### Task requirements
Below are records with pictures. Transcribe exactly, and only, the lines from the line with "ListViewdown to refresh" to the line with "- Natural hide", both ends included, but not the pictures.

### Information given
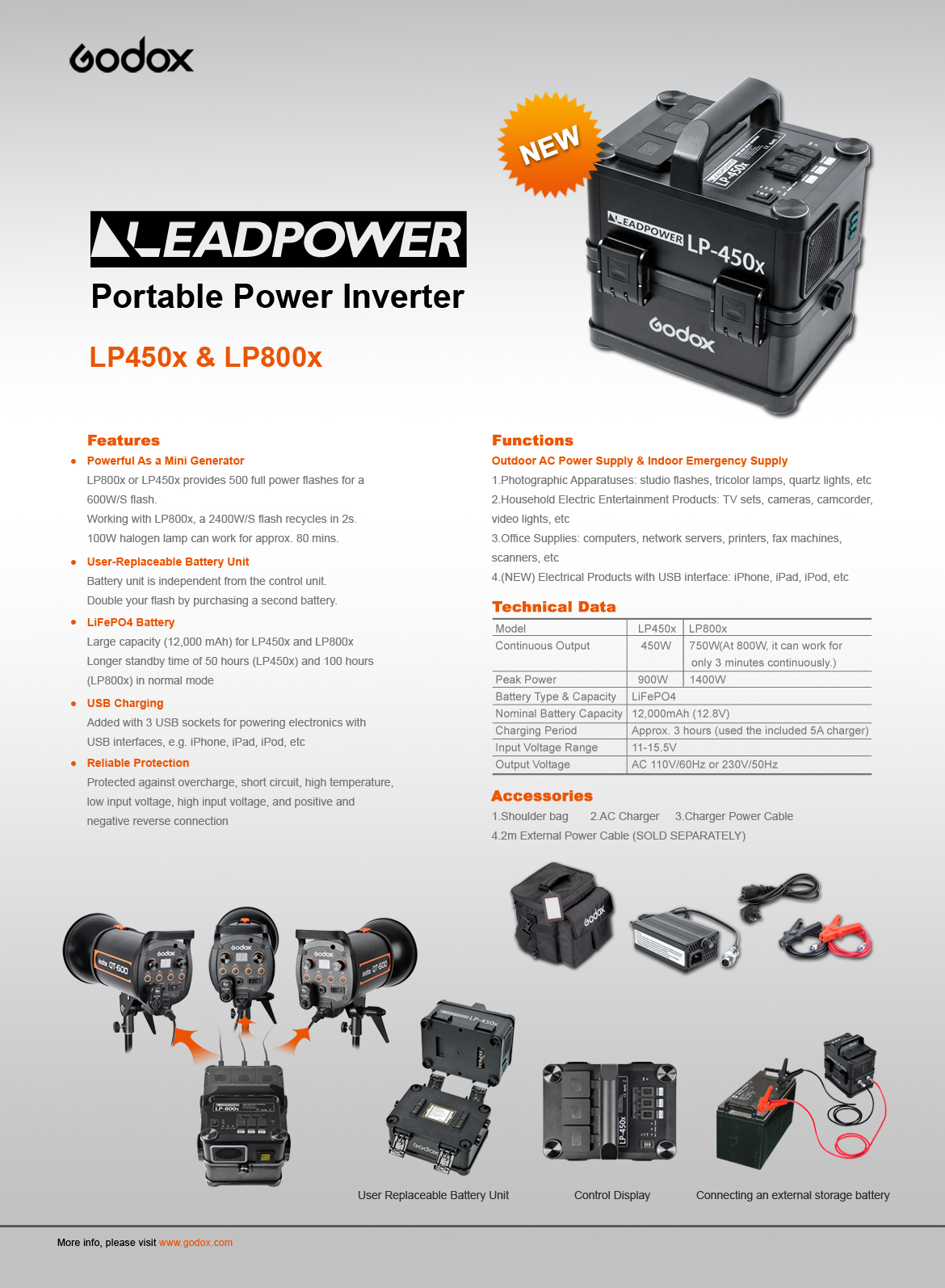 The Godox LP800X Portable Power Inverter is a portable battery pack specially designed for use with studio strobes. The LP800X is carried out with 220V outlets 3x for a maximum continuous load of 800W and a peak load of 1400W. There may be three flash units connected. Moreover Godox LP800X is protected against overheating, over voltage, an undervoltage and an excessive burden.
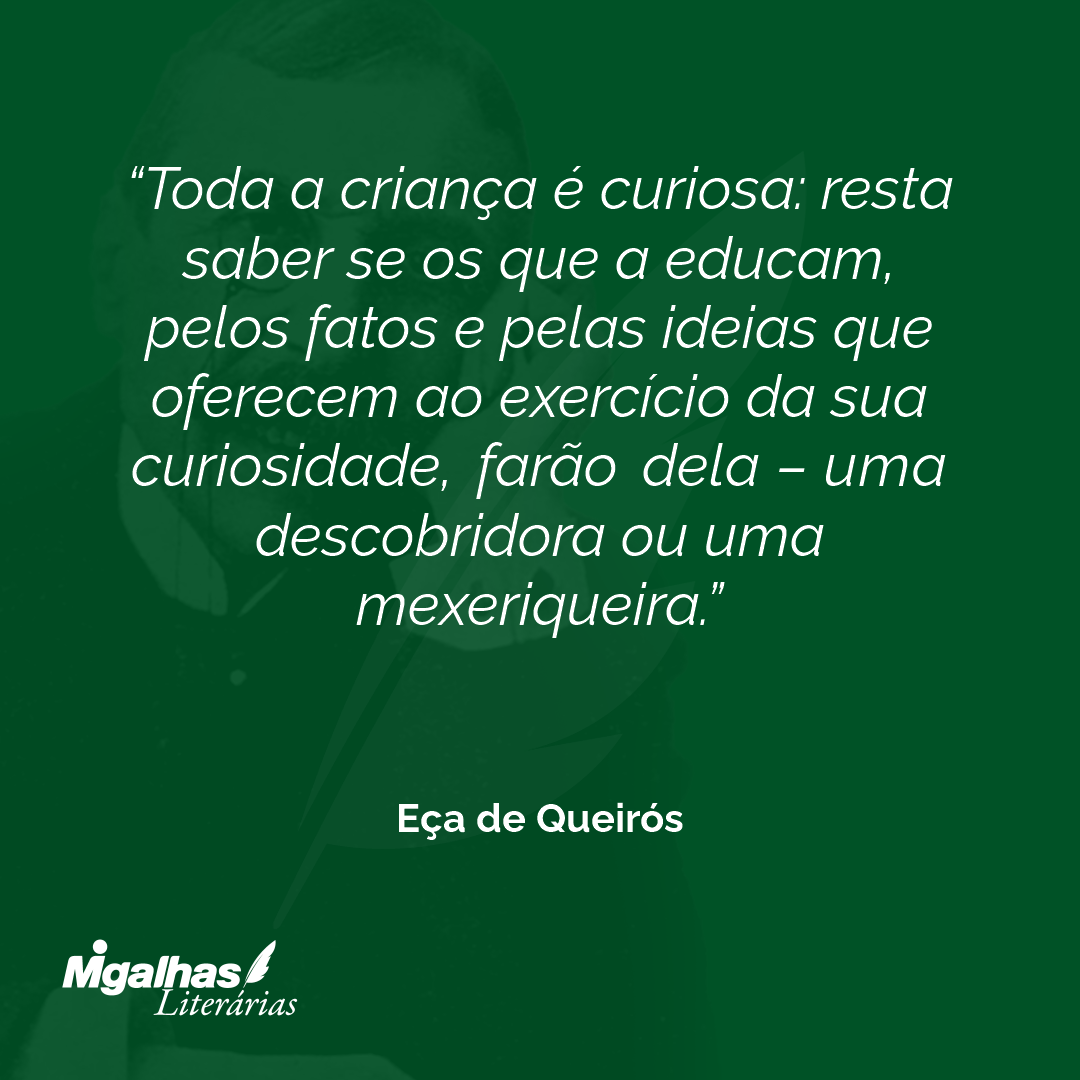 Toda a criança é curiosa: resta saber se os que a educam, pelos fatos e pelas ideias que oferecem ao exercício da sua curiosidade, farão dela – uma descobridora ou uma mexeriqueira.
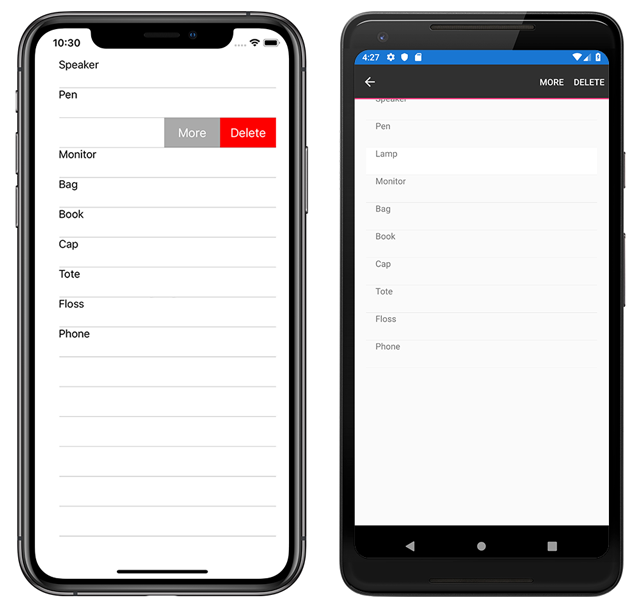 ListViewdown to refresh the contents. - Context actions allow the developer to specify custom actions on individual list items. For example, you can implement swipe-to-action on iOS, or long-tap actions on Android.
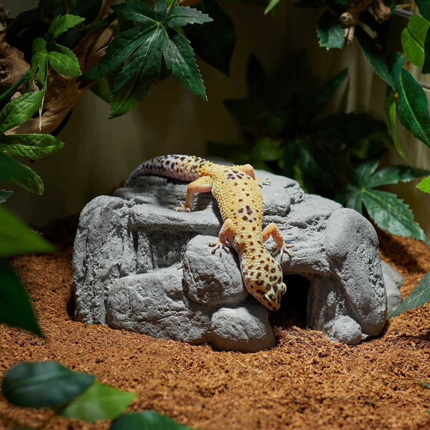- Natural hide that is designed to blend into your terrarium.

--

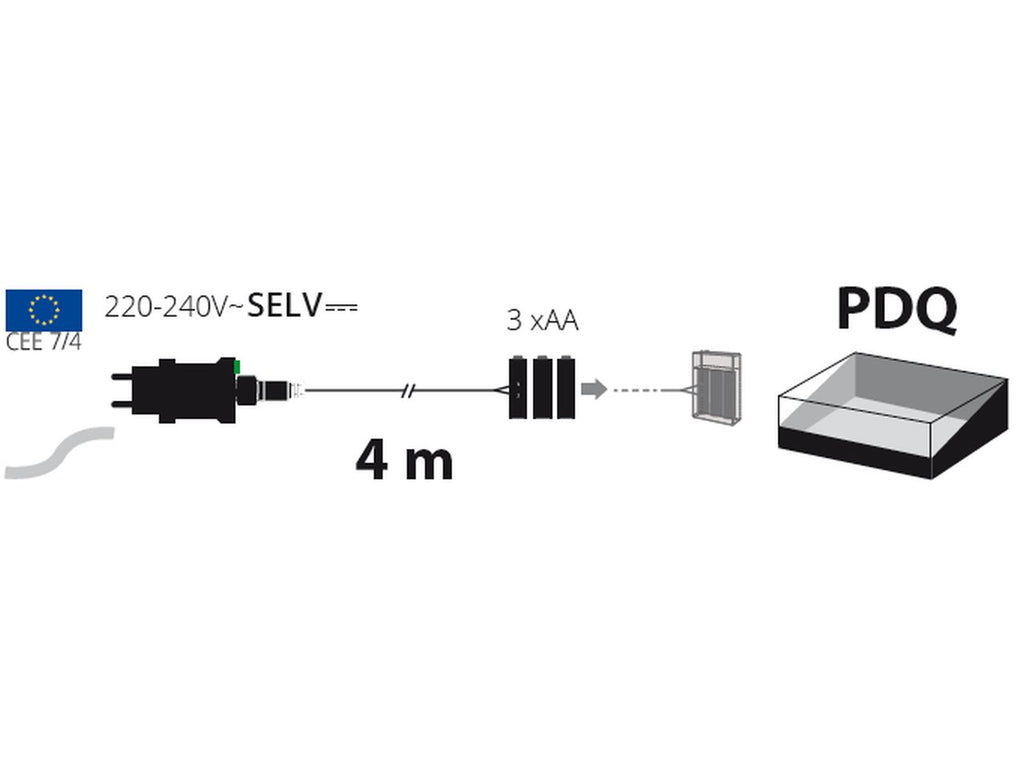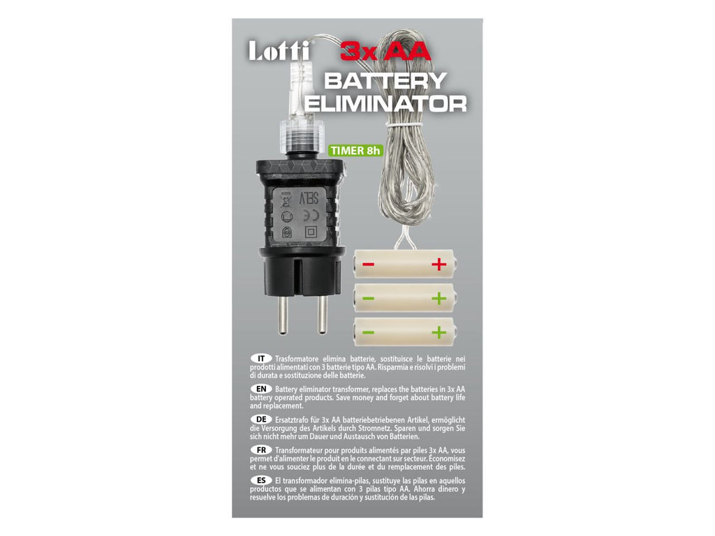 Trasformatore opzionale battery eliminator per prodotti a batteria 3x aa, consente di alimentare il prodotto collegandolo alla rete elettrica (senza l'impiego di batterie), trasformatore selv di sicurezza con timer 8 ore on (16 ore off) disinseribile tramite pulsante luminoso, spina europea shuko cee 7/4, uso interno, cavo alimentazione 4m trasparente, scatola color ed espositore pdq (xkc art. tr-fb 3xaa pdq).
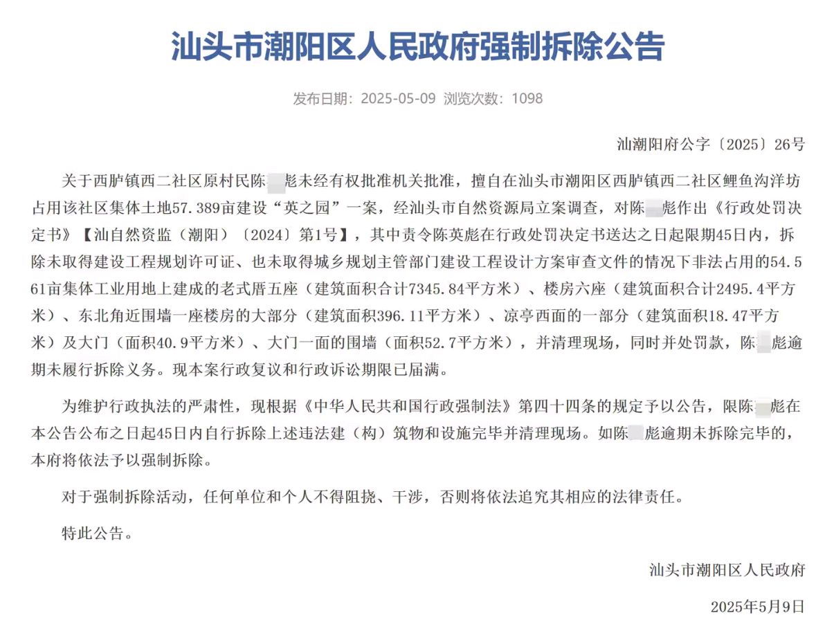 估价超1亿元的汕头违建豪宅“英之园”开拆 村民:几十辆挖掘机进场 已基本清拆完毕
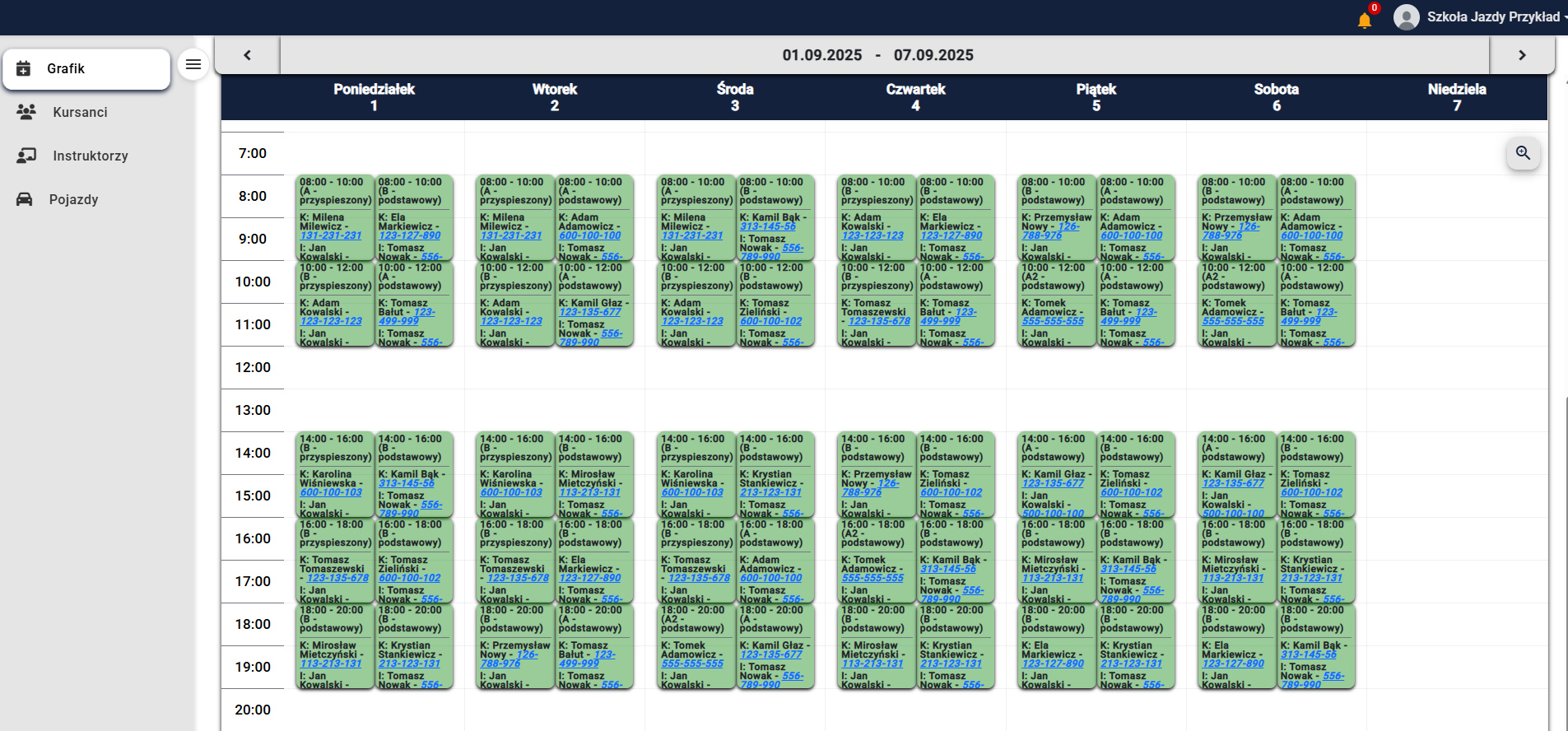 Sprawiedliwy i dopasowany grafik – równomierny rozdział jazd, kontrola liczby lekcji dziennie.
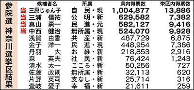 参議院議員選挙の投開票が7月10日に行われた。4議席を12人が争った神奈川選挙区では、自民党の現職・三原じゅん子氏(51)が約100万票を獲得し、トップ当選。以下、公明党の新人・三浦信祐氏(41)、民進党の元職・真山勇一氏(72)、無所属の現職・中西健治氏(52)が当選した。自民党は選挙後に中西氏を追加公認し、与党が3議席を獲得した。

### Exercise response
 ListViewdown to refresh the contents. - Context actions allow the developer to specify custom actions on individual list items. For example, you can implement swipe-to-action on iOS, or long-tap actions on Android.
- Natural hide that is designed to blend into your terrarium.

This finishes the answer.